USING SERVICE-LEARNING PROJECTS TO BRING SOCIOLOGY TO LIFE IN OUR CLASSROOMS
Francis Adu-Febiri, PhD
Sociology Teacher
Camosun College
For the past six years I have built into my sociology courses the pedagogy of service-learning. Service-Learning is about teachers guiding their students to “best provide meaningful service to a community, agency or organization while simultaneously gaining new skills, knowledge, and understanding as an integrated aspect of their academic [or job training] program” (Cress et al (2005, p. 1). In effect, service-learning projects provide students opportunities to apply the concepts and theories they learn in Sociology courses to problem-solve for families, communities, institutions, organizations, regions, countries and/or the world. Service learning is different from co-op, practicum and internship in that students do the project while still taking the course; they do not have to complete the semester course before they participate in the practical activities.
I use the following processes to guide students’ service-learning project selection, design, implementation and reporting:
1. Students are asked to use their passion and any sociological concepts of the course to select what they see as a major need in Canadian or Global society and show why they think it is an important need.
2. Based on what they identify as the cause(s) and patterns of this need they propose a creative idea to meet the need
3. They produce a design that shows realistic tasks, logistics, timelines, etc., to make the creative idea visible
4. They implement the design to practically to meet the need.
5. They produce a reflective report on this project, using their reflections to assess any relevant sociological concept(s) and paradigm(s) introduced in this course.
There are two factors that have compelled me to make service-learning projects an integral part of my Sociology courses:
1. The apparent disconnect between sociological analysis of and practical solutions to social problems: For many years when I introduce my sociology students to the topics of poverty, social inequality and inequity, and other social problems the scathing question that students ask me was, what practical solutions does sociology provide to these issues?
2. Students’ disengagement from sociological concepts and theories: In my classrooms when I refer to sociological concepts and theories that students are expected to know from their previous sociology courses, most of the students are unable to recall their meanings and applications.
In order to resolve these two major issues in the teaching and learning sociology, I use service-learning projects
(a) as pedagogy to connect sociology to practical ways of transforming lives in the social world and
(b) to meaningfully engage students in sociological concepts and theories to consolidate their understanding sustainably.
Students have done many service-learning projects in my sociology classes.
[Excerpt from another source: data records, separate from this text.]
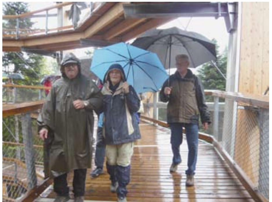
In den Baumwipfeln bei Regen, Regen, Regen ...
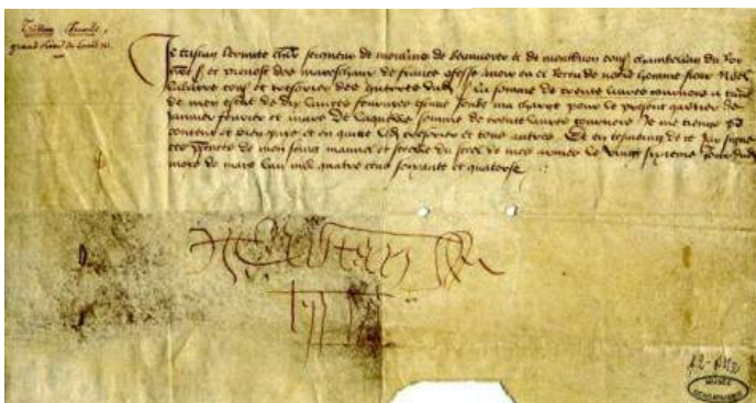
Reçu de solde de Tristan Lermite - 1474
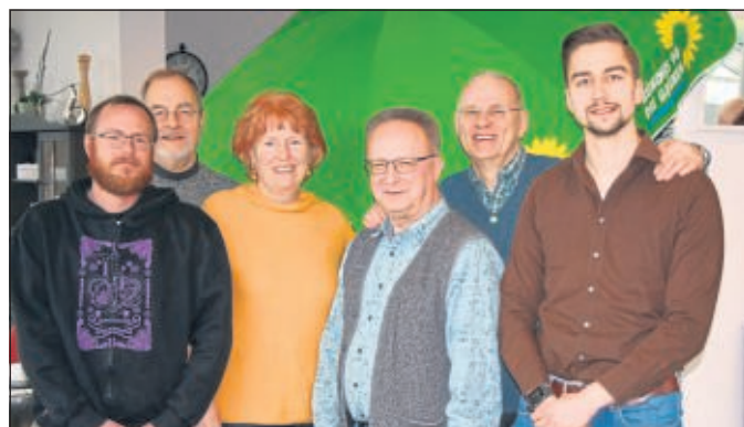
Wir sind für Sie da! Teile des Vorstands der GRÜNEN Baunatal

Besuchen Sie unsere Homepage: www.gruene-baunatal.de und auf Facebook / GrueneBaunatal für weitere Meldungen.
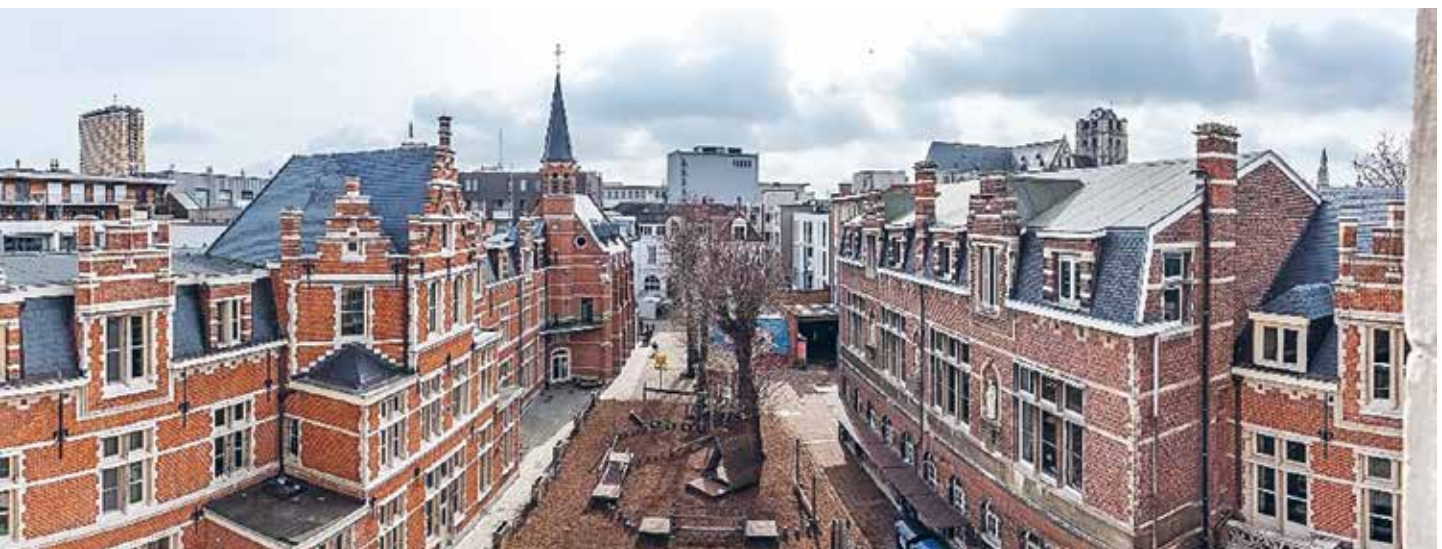
Site voormalig klooster Apostelinnen van Antwerpen.

Emmaüs Regio Antwerpen besloot om de gebouwen grondig te renoveren en zo de aan hen toevertrouwde jongeren optimaal op te vangen. De Apostelinnen van Berchem vestigden zich met de laatste zusters in 1999 in een nieuwbouw. Vanuit hun engagement in de Sint-Vincentiusvereniging blijven ze een gemeenschap die openstaat voor de noden van de buurt. Ook de laatste zusters van de contemplatieve Orde van de Maagd Maria wonen sinds 1999 in een nieuw gebouwde Monasterium Magnificat in Malle. De oude kloostergebouwen werden door de Broeders van Liefde omgebouwd tot huisvesting voor enerzijds psychiatrische patiënten en anderzijds zwaar gehandicapte jongvolwassenen. In Berlaar bouwden de zusters van het H. Hart van Maria voor hun school de nodige nieuwe gebouwen. Voor de ouder wordende zorgbehoevende zusters werd het woonzorgcentrum Kloosterhof gebouwd. Het klooster wordt nu opgeruimd. Het zoeken van een nieuwe invulling voor het grote klooster verliep via een lang proces van studies, overwegen en beslissingen nemen.
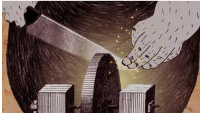
La Saint Festin

Le cadre suggère le HORS-CHAMP ou l'espace exclu du champ par le cadrage mais prolongé imaginativement.
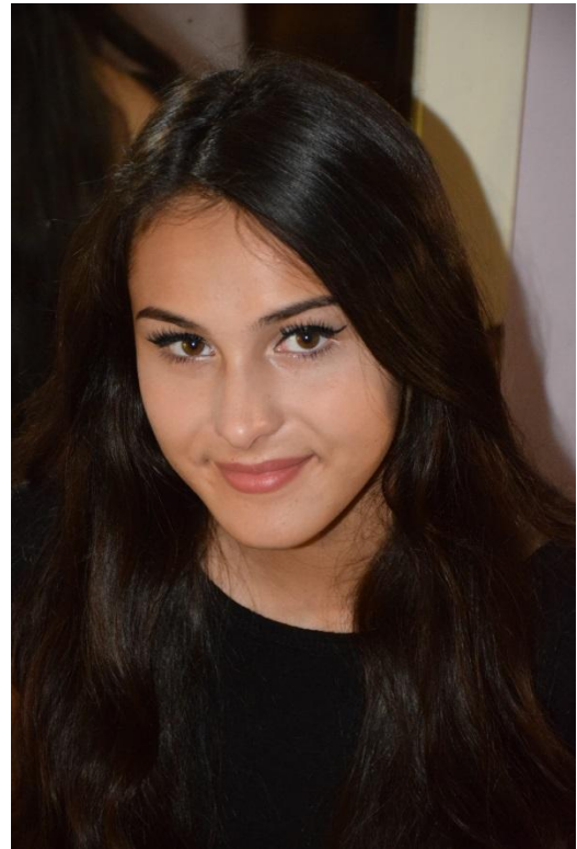
Slika 23. Gornji rakurs

Projects range from microfinance for poor women entrepreneurs, feminine hygiene products for schoolgirls, and mobile phones for the poor, through Indigenous peoples diabetes awareness and community empowerment projects to various educational resources projects and vocational education in developing countries. These projects engage students to hone thinking application skills about concepts such as poverty, inequity/inequality, gender and patriarchy, sustainability, development, community, racialization, social construction, culture, political economy, human agency, and the human factor as well as sociological paradigms of functionalism, social conflict, interactionism, feminism, and structuration. In addition, students experience the practice of humanitarian qualities to develop deep connections with our common humanity.